For our tests, we can use Jest, a testing framework for JavaScript. Look at the tests below to see it in action.

describe('Test RequestService - buildDownloadedFileName property', () => {
  const operation = 'fake-test';
  const fileType = {
    mimeType: MimeTypeEnum.CSV,
    extension: ExtensionsEnum.CSV,
  };
  beforeEach(() => {
    jest
      .spyOn(global.Date, 'now')
      .mockImplementationOnce(() => new Date('2022-08-19T07:30').valueOf());
  });

  afterEach(() => {
    jest.resetAllMocks();
  });
  it('Call buildDownloadedFileName ', () => {
    const filename = buildDownloadedFileName(fileType, operation);

    expect(filename).toEqual(`${appSlugName}-${operation}_2022-08-19_07-30.${fileType.extension}`);
  });
});

We have a function to build the name of a file from variables and a timestamp. Every time we will run the test, now will change and our test will fail.

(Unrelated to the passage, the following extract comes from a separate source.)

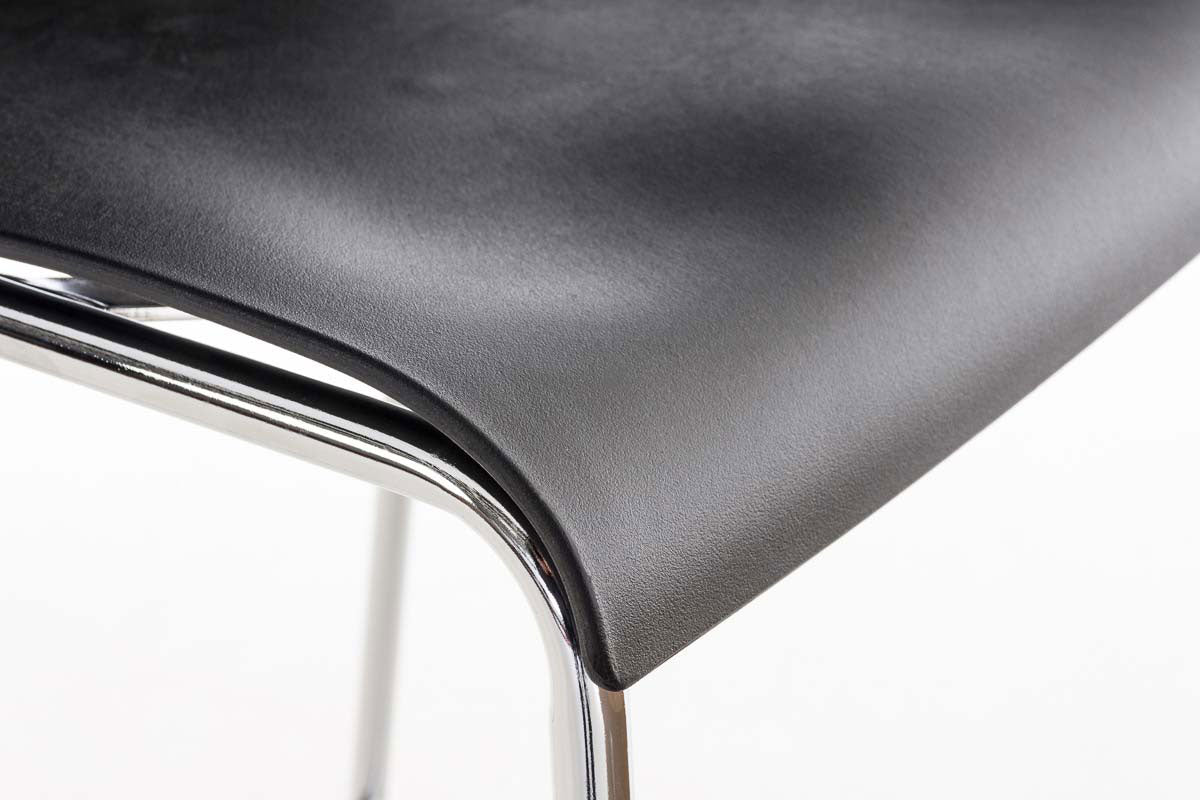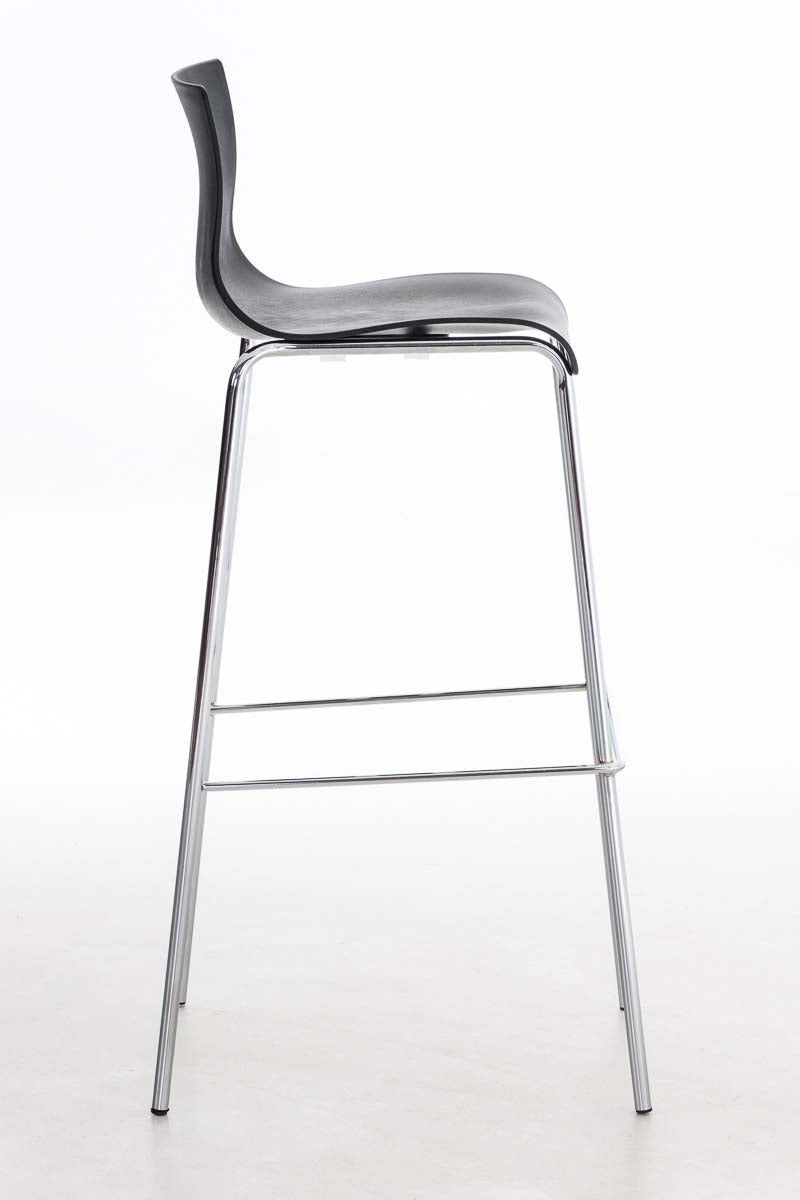 Tabouret de bar avec repose-pieds dossier incurvé en plastique noir et 4 pieds en métal chromé 10_0004939

Jest gives us two functions to help us. spyOn to detect the execution of a function, here it is Date.now() and mockImplementationOnce to replace the spied function. Our date will never change and the test will succeed.

Conclusion

Mocks are magic. They’re very helpful.

We can be tempted to make mocks for everything and anything. But this is not the purpose of testing. The goal is to check the robustness of our project in conditions as close as possible to reality.

A mock is a simulation that should only be used when you have no choice, not for convenience.